### Excerpted data
▽

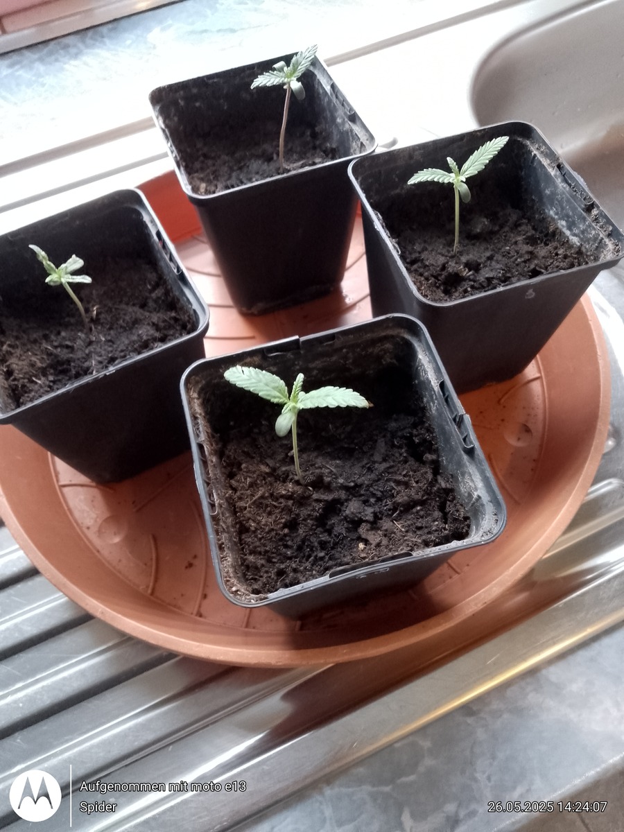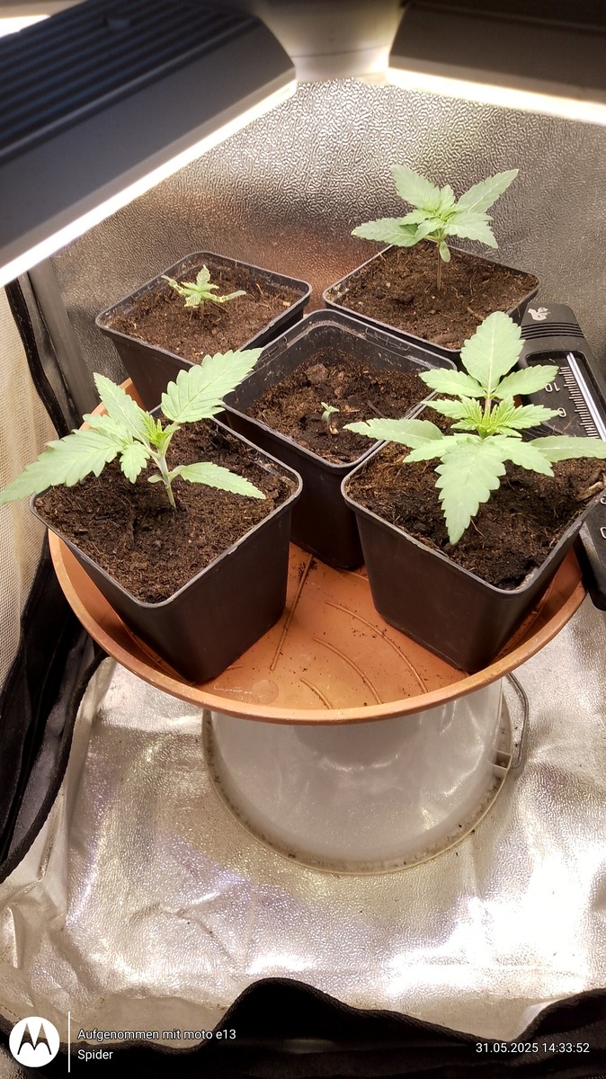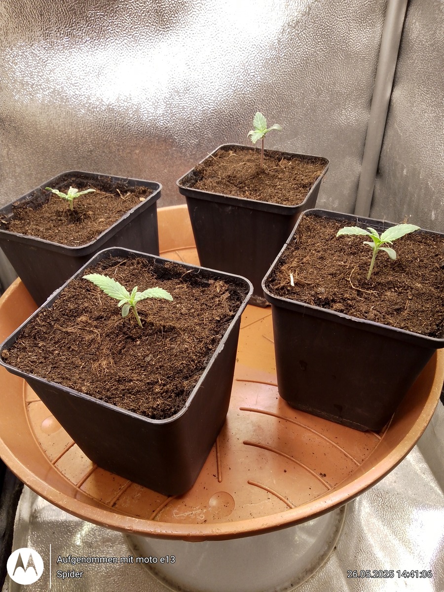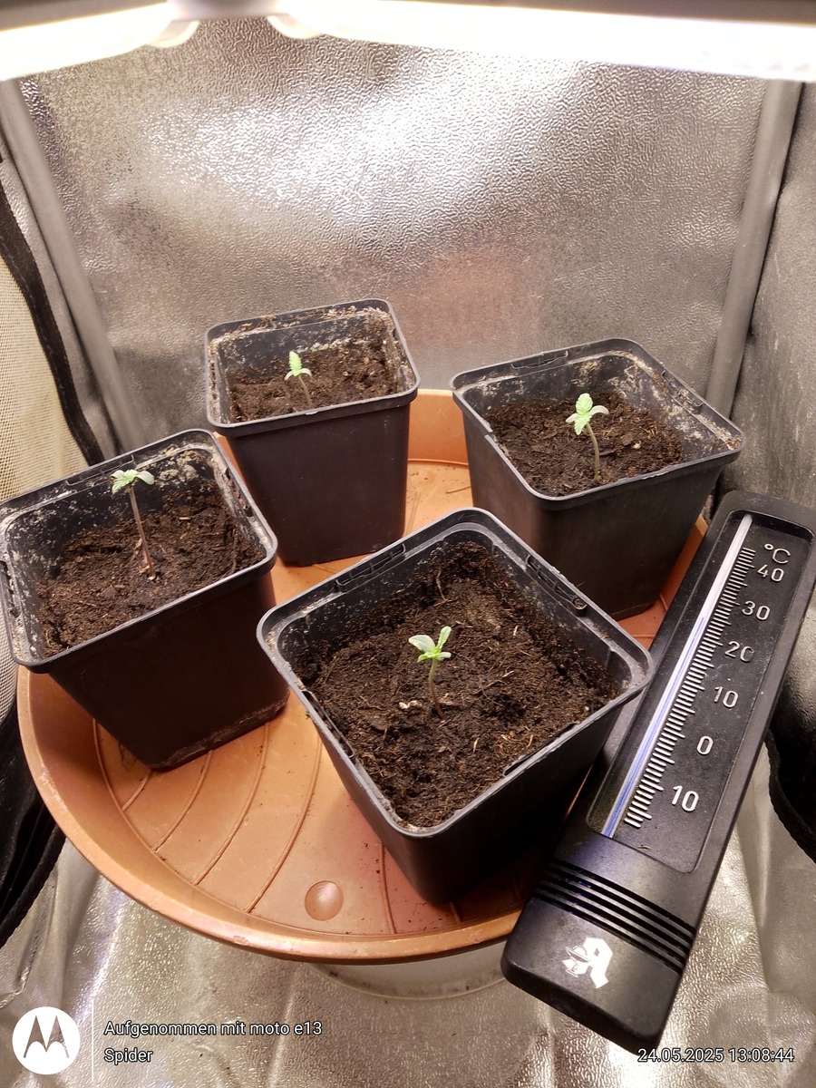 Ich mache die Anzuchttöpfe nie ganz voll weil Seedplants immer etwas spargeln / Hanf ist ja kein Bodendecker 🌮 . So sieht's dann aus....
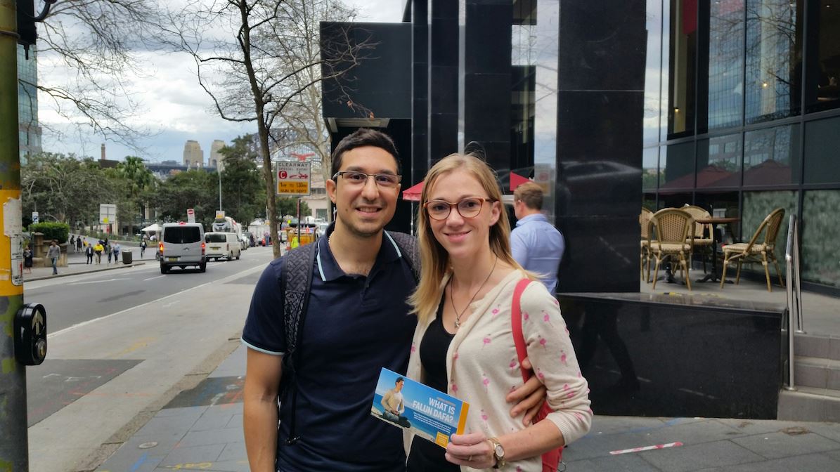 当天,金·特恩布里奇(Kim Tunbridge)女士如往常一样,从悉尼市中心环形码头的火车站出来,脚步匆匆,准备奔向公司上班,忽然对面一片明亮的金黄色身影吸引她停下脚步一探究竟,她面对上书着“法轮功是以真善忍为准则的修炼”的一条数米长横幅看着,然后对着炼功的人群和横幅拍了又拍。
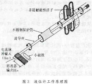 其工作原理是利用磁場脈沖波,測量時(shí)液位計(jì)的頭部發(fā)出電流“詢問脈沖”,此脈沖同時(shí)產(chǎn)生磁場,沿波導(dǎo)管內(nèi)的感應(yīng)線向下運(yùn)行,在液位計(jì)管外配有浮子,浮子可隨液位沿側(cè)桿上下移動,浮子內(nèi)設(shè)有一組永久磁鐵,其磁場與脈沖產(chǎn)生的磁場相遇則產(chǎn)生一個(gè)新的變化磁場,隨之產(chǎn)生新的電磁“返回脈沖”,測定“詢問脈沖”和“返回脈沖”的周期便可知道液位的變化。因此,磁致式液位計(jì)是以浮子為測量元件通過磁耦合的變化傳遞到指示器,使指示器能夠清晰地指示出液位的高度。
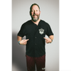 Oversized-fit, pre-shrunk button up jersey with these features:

△
▽

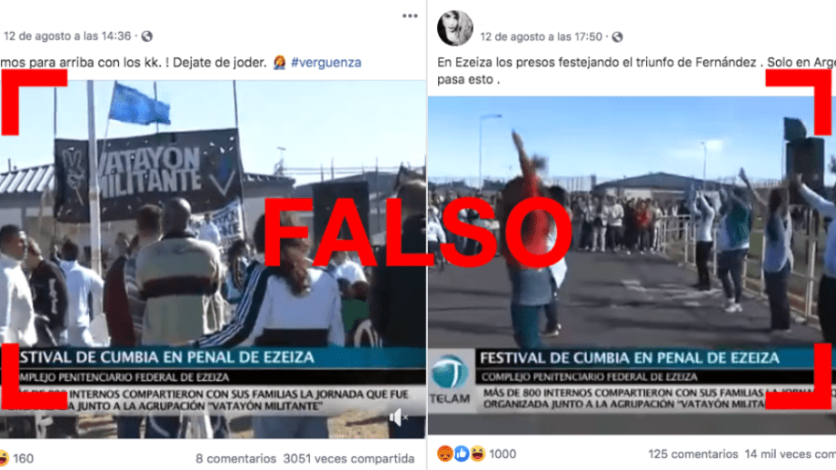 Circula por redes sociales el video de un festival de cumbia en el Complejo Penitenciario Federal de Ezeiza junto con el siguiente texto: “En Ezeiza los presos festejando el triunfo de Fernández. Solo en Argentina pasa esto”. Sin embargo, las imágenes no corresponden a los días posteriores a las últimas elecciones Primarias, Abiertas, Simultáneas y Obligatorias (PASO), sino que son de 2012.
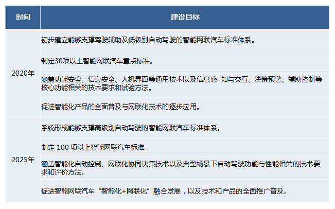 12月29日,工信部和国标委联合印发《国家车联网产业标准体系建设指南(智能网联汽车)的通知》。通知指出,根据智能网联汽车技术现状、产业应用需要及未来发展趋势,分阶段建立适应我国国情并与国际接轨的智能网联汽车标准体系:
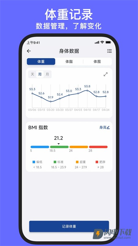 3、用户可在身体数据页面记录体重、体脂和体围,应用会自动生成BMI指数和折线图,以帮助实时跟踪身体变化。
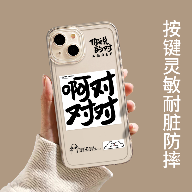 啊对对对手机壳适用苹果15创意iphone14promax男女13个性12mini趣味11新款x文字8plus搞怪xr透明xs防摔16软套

△
▽

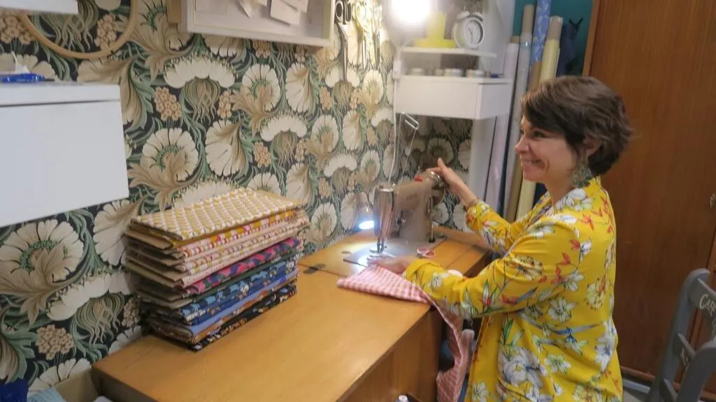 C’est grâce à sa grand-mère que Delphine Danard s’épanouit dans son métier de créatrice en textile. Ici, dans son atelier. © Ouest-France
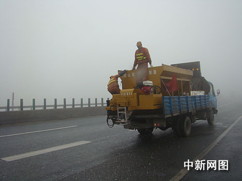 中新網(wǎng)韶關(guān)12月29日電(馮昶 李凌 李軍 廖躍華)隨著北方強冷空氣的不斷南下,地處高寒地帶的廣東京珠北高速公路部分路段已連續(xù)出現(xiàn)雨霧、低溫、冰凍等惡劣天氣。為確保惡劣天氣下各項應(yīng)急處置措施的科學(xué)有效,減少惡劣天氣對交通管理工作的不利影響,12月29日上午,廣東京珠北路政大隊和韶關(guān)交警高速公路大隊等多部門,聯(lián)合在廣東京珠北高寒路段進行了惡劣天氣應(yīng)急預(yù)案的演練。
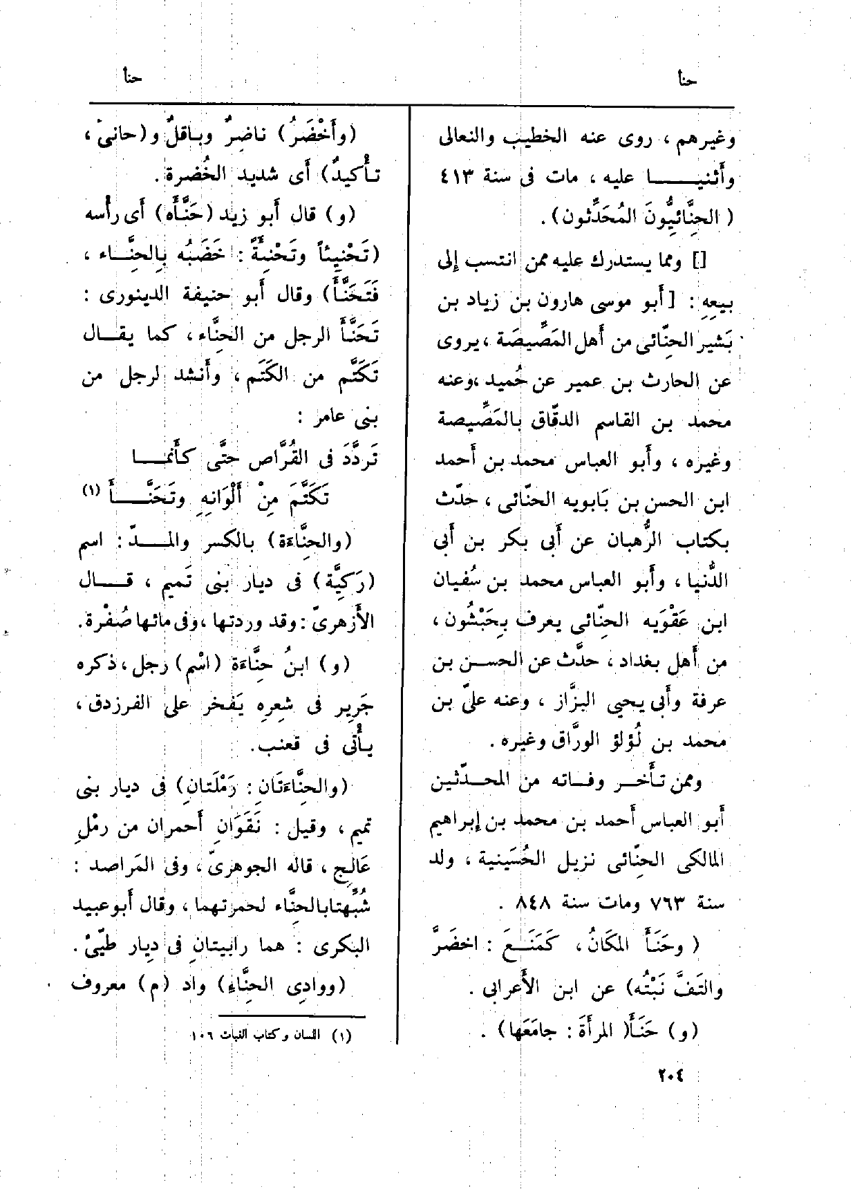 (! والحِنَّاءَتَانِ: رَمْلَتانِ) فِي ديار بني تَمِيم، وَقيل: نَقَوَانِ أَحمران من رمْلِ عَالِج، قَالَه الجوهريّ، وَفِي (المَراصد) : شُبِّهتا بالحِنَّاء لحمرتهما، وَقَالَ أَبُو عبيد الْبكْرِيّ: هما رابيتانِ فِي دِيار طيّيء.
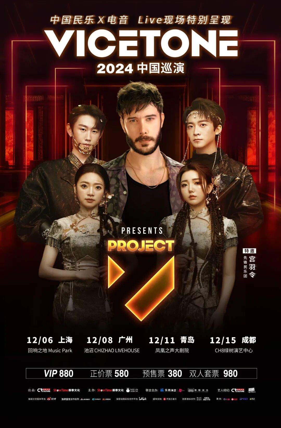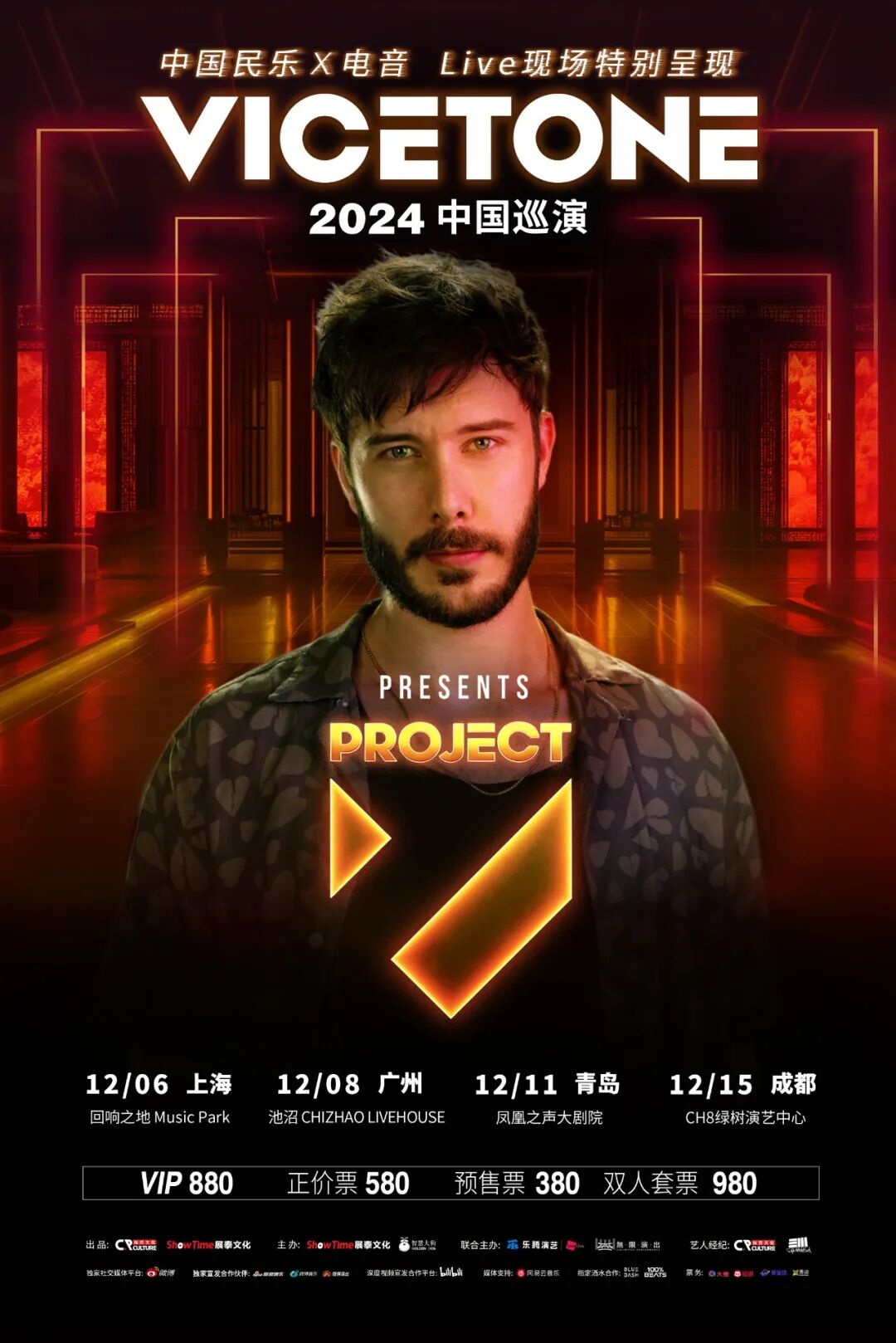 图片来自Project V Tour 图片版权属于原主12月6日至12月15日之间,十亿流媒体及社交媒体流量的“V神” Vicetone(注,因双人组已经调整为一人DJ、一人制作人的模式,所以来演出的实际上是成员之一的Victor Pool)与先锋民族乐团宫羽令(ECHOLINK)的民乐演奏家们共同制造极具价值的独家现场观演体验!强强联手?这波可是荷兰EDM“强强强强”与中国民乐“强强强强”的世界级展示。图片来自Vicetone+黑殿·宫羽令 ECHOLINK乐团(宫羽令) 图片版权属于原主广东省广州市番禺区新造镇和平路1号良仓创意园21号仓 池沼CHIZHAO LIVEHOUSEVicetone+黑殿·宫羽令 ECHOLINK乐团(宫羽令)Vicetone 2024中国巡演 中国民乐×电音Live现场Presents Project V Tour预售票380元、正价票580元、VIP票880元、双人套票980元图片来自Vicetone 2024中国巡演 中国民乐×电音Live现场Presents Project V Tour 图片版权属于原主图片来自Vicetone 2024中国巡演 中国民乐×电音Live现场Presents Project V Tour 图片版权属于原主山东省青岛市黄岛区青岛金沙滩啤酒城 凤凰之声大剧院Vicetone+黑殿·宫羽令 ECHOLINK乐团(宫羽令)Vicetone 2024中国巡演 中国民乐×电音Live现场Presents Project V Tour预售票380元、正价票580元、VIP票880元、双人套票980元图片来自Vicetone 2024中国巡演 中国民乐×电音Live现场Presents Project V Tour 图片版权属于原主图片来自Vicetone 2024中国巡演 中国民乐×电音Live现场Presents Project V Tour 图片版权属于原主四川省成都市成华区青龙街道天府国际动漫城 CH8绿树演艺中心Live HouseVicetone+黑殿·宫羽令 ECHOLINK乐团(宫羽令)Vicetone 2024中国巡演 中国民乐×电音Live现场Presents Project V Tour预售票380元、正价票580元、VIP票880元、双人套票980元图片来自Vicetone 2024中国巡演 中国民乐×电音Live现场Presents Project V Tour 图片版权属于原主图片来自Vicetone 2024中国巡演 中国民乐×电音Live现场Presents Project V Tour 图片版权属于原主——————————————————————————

△

### The task
Copy only what lies between the line with "中新網(wǎng)韶關(guān)12月29日電(馮昶 李凌 李軍" and the line with "Project V Tour 图片版权属于原主——————————————————————————", those two lines included, exactly as given above; pictures stay out.

### Solution to the exercise
 中新網(wǎng)韶關(guān)12月29日電(馮昶 李凌 李軍 廖躍華)隨著北方強冷空氣的不斷南下,地處高寒地帶的廣東京珠北高速公路部分路段已連續(xù)出現(xiàn)雨霧、低溫、冰凍等惡劣天氣。為確保惡劣天氣下各項應(yīng)急處置措施的科學(xué)有效,減少惡劣天氣對交通管理工作的不利影響,12月29日上午,廣東京珠北路政大隊和韶關(guān)交警高速公路大隊等多部門,聯(lián)合在廣東京珠北高寒路段進行了惡劣天氣應(yīng)急預(yù)案的演練。
 (! والحِنَّاءَتَانِ: رَمْلَتانِ) فِي ديار بني تَمِيم، وَقيل: نَقَوَانِ أَحمران من رمْلِ عَالِج، قَالَه الجوهريّ، وَفِي (المَراصد) : شُبِّهتا بالحِنَّاء لحمرتهما، وَقَالَ أَبُو عبيد الْبكْرِيّ: هما رابيتانِ فِي دِيار طيّيء.
 图片来自Project V Tour 图片版权属于原主12月6日至12月15日之间,十亿流媒体及社交媒体流量的“V神” Vicetone(注,因双人组已经调整为一人DJ、一人制作人的模式,所以来演出的实际上是成员之一的Victor Pool)与先锋民族乐团宫羽令(ECHOLINK)的民乐演奏家们共同制造极具价值的独家现场观演体验!强强联手?这波可是荷兰EDM“强强强强”与中国民乐“强强强强”的世界级展示。图片来自Vicetone+黑殿·宫羽令 ECHOLINK乐团(宫羽令) 图片版权属于原主广东省广州市番禺区新造镇和平路1号良仓创意园21号仓 池沼CHIZHAO LIVEHOUSEVicetone+黑殿·宫羽令 ECHOLINK乐团(宫羽令)Vicetone 2024中国巡演 中国民乐×电音Live现场Presents Project V Tour预售票380元、正价票580元、VIP票880元、双人套票980元图片来自Vicetone 2024中国巡演 中国民乐×电音Live现场Presents Project V Tour 图片版权属于原主图片来自Vicetone 2024中国巡演 中国民乐×电音Live现场Presents Project V Tour 图片版权属于原主山东省青岛市黄岛区青岛金沙滩啤酒城 凤凰之声大剧院Vicetone+黑殿·宫羽令 ECHOLINK乐团(宫羽令)Vicetone 2024中国巡演 中国民乐×电音Live现场Presents Project V Tour预售票380元、正价票580元、VIP票880元、双人套票980元图片来自Vicetone 2024中国巡演 中国民乐×电音Live现场Presents Project V Tour 图片版权属于原主图片来自Vicetone 2024中国巡演 中国民乐×电音Live现场Presents Project V Tour 图片版权属于原主四川省成都市成华区青龙街道天府国际动漫城 CH8绿树演艺中心Live HouseVicetone+黑殿·宫羽令 ECHOLINK乐团(宫羽令)Vicetone 2024中国巡演 中国民乐×电音Live现场Presents Project V Tour预售票380元、正价票580元、VIP票880元、双人套票980元图片来自Vicetone 2024中国巡演 中国民乐×电音Live现场Presents Project V Tour 图片版权属于原主图片来自Vicetone 2024中国巡演 中国民乐×电音Live现场Presents Project V Tour 图片版权属于原主——————————————————————————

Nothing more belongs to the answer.